Researchers at vulnerability management vendor Qualys Inc. discovered this week how to reverse-engineer a Microsoft patch to perform a denial-of-service attack on a Windows DNS Server.

The researchers reverse engineered one of two critical patches released by Microsoft in its August Patch Tuesday round of security updates. The 11-058 update resolves two vulnerabilities to Windows DNS.

The research goes against Microsoft’s Exploitability Index, which gave the update a 3, meaning it was unlikely that code would surface exploiting the flaws. The index is used by patch management specialists to weigh the priority of specific patch deployments. Qualys said it is possible to accomplish the attack through a step-by-step process.
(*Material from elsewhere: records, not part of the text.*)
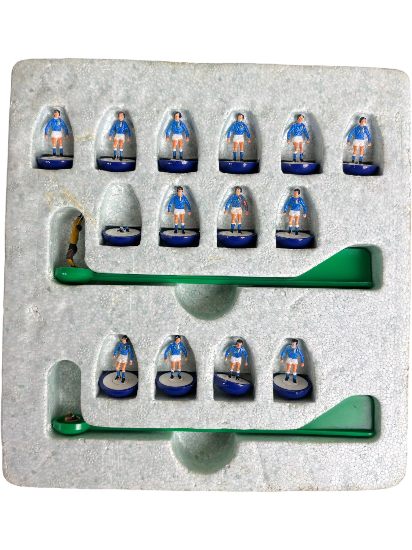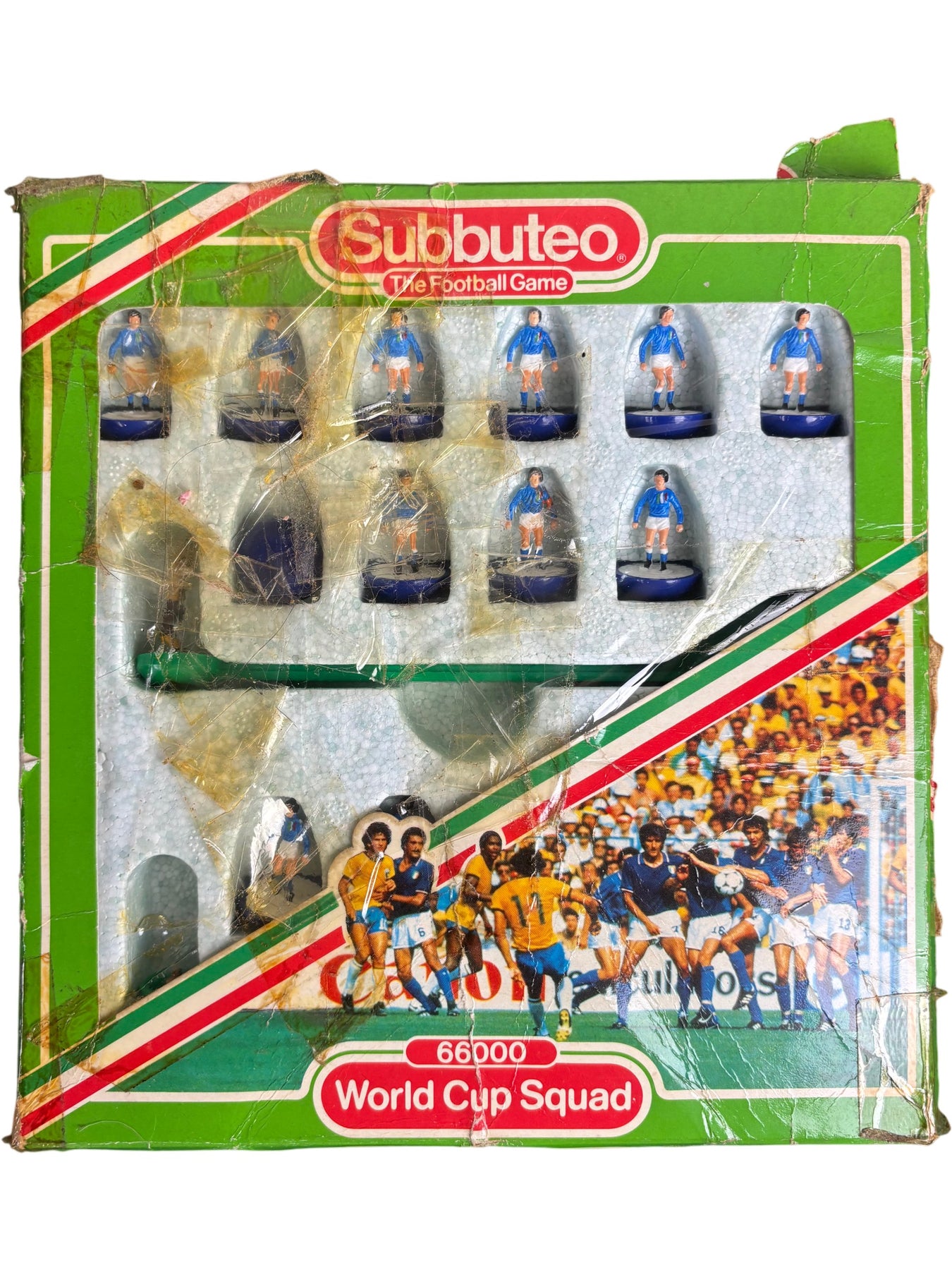 This Subbuteo set includes a World Cup squad of 11 football player figures and a goalkeeper. The figures are in classic blue and white kits, styled after the Italian national team. The set comes with original packaging that features the Subbuteo branding and a football match scene.
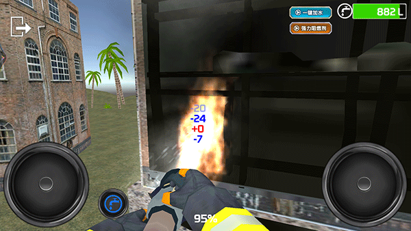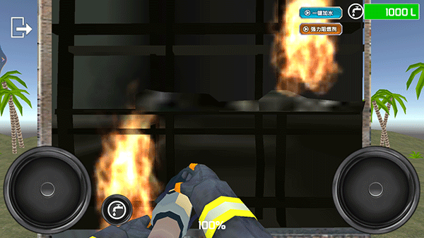 6、進(jìn)入滅火模式后,左邊輪盤(pán)控制消防員移動(dòng)位置,右邊輪盤(pán)控制消防員手上的高壓水槍?zhuān)瑢?duì)準(zhǔn)著火點(diǎn),點(diǎn)擊左邊輪盤(pán)旁邊的水龍頭可以打開(kāi)/關(guān)閉高壓水槍。
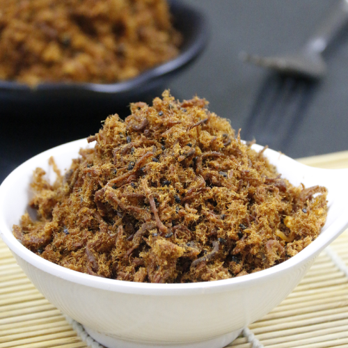 Finely shredded meat fibers with a fluffy texture, crispy and savory taste, visually appealing golden color. Primarily used as a topping for pastries, rice balls, sushi, xiaobei (mini buns), and bread. Also suitable as a filling for sushi and other pastries

“We reverse engineered the patch to get a better understanding of the mechanism of the vulnerability and found this vulnerability can be triggered with a few easy steps,” explained Bharat Jogi, a vulnerability security engineer at Qualys, in a blog post.

Although this proof of concept demonstrates a denial of service, Jogi explains that “an attacker who successfully exploited this vulnerability could run arbitrary code in the context of the system” and those “with malicious intent may be able to get reliable code execution.”

Qualys took advantage of one of the two patches that were rated critical. This particular patch fixed two flaws in Windows DNS Server while the other fixed seven flaws in Internet Explorer.

Qualys researchers used binary-diffing of the unpatched and patched version of the files to compare and understand the changes that were made to fix the vulnerabilities. The binary-diffing tool, called TurboDiff, shows them “a list of all the functions that are identical, changed, unmatched, and those that look suspicious,” said Jogi.

Two DNS servers were needed for the proof of concept in order for researchers to crash one of them and serve as a comparison. Researchers discovered it was particularly simple and the vulnerability could be triggered with a few easy steps. Therefore, they recommend to “apply this security update as soon as possible.”